Running again is amazing, yes I’ve only ran once but just to run again and feel the harsh sensations throughout the body brings a smile to my face. I’m still not as strong as I was, chemotherapy has seemed to have taken away the strength I had built up since the last round. My left side, which I have worked really hard on, is back to how it was last time on chemotherapy but my time seems to have stayed the similar. I was so happy to see I was only 30 seconds slower over a mile before the second round of chemotherapy. That feeling is so rewarding, you actually feel like you’ve achieved something. Accomplished something by and for yourself.
I still do physio in order to get stronger, I’m progressing well I think. That is not progressing but managing itt three times a day including when I’m on chemotherapy. It does annoy me I cannot progress it but I’ve been discharged from physio so that’s a big step in the right direction. So I’m physically doing well I think but mentally it’s hard to explain.
I try to remain strong but sometimes it’s too much. Social Media mostly shows my strength and when people call me an inspiration I want to cry. I just want to help other people and being told that makes me feel overjoyed. I can help people through my struggle. But what people don’t see is the offload. I go weeks, maybe even months without crying, but sometimes you have to let it go. One big cry is usually the answer for me.

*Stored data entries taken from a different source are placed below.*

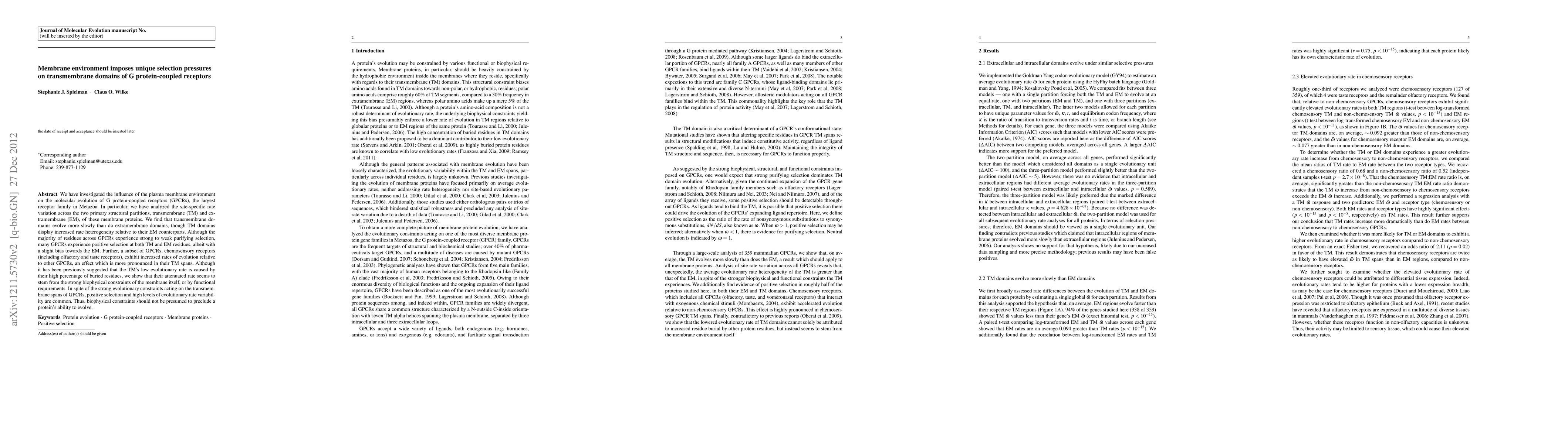 We have investigated the influence of the plasma membrane environment on the molecular evolution of G protein-coupled receptors (GPCRs), the largest receptor family in Metazoa. In particular, we have analyzed the site-specific rate variation across the two primary structural partitions, transmembrane (TM) and extramembrane (EM), of these membrane proteins. We find that transmembrane domains evolve more slowly than do extramembrane domains, though TM domains display increased rate heterogeneity relative to their EM counterparts. Although the majority of residues across GPCRs experience strong to weak purifying selection, many GPCRs experience positive selection at both TM and EM residues, albeit with a slight bias towards the EM. Further, a subset of GPCRs, chemosensory receptors (including olfactory and taste receptors), exhibit increased rates of evolution relative to other GPCRs, an effect which is more pronounced in their TM spans. Although it has been previously suggested that the TM's low evolutionary rate is caused by their high percentage of buried residues, we show that their attenuated rate seems to stem from the strong biophysical constraints of the membrane itself, or by functional requirements. In spite of the strong evolutionary constraints acting on the transmembrane spans of GPCRs, positive selection and high levels of evolutionary rate variability are common. Thus, biophysical constraints should not be presumed to preclude a protein's ability to evolve.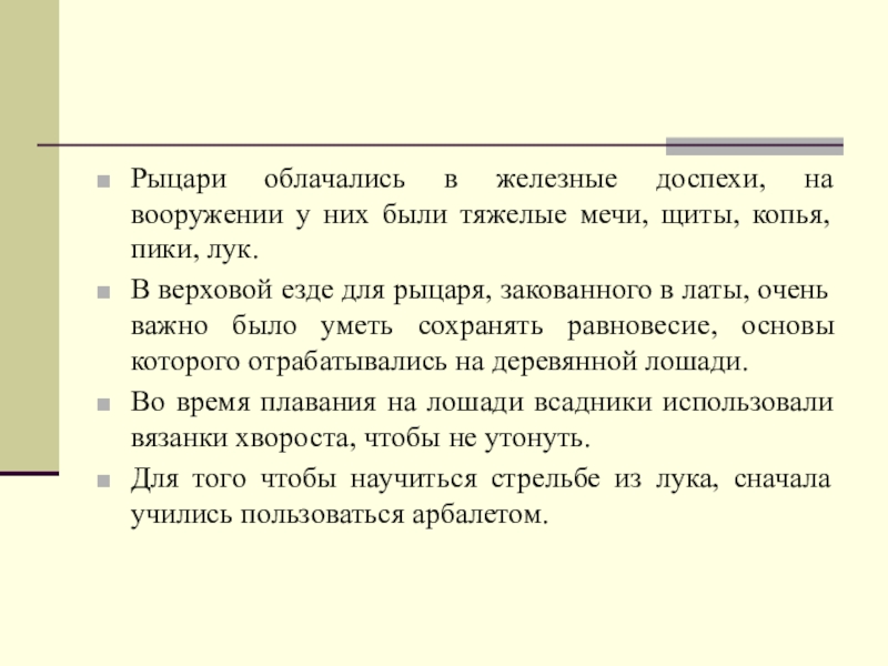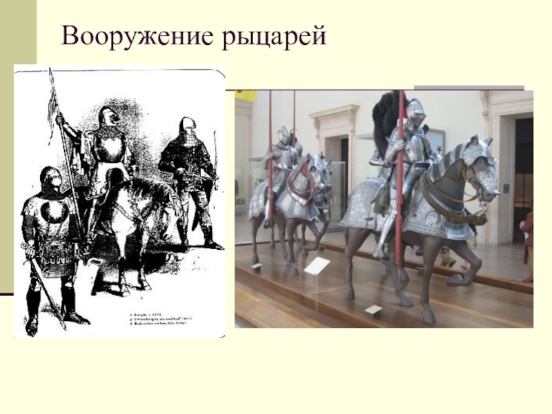 Рыцари облачались в железные доспехи, на вооружении у них были тяжелые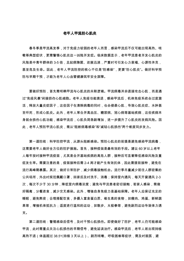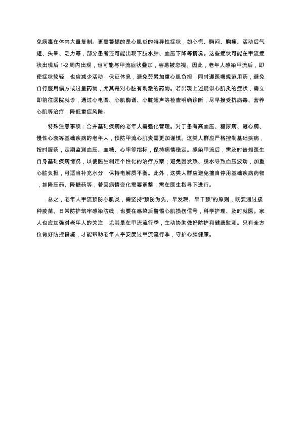 老年人甲流防心肌炎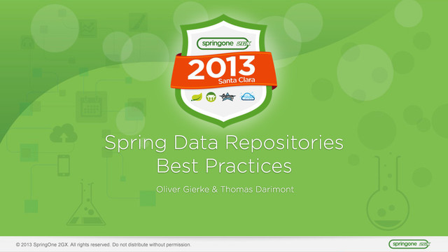 Wed, 2:30pm Your Data, Your Search, Elasticsearch - Wed, 2:30pm Spring Data Community Lightning Talks - Thu, 8:30am Researching Cancer in the Cloud with Spring - Thu, 12:45pm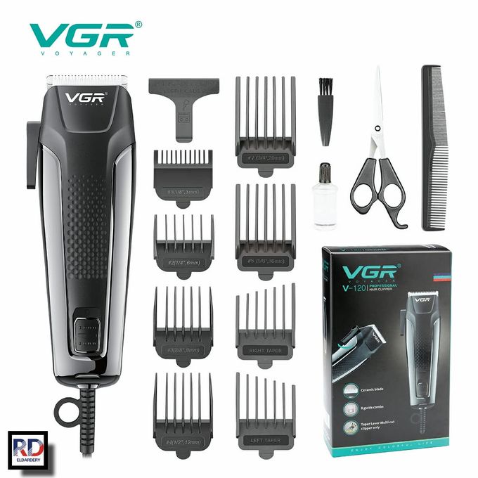 ماكينة حلاقة شعر احترافية VGR V-120 تعمل بالكهرباء مباشرة، مزودة بشفرات دقيقة لطيفة على البشرة وأمشاط توجيه متعددة حتى 20 مم، تمنحك قصًا متقنًا ونتائج احترافية بسهولة في المنزل أو الصالون.

I cry and think I’m hard done to because people with a condition similar to me are. Crying is not a weakness, it’s a strength. I do get upset daily, and I’m sure people with a similar condition do, but I accept it because I’d rather face this than you. We are strong.
People cope in different ways. I try and bring people closer and help others suffering. I’m lucky I have good friends that I love, and I’m not scared to tell them that, who haven’t pushed me away. I know people do that so they can’t get hurt but pushing people away isn’t an answer. You’ll end up lonely, depresses and still as hurt. You can’t live your life like that or live it regretting. So I embrace everyone and everything around me because we are lucky.
I wake up every morning and thank God that I’m still alive. Life is precious and we should use it loving and caring for ourselves and others. Don’t be scared of other people’s opinions. We are strong.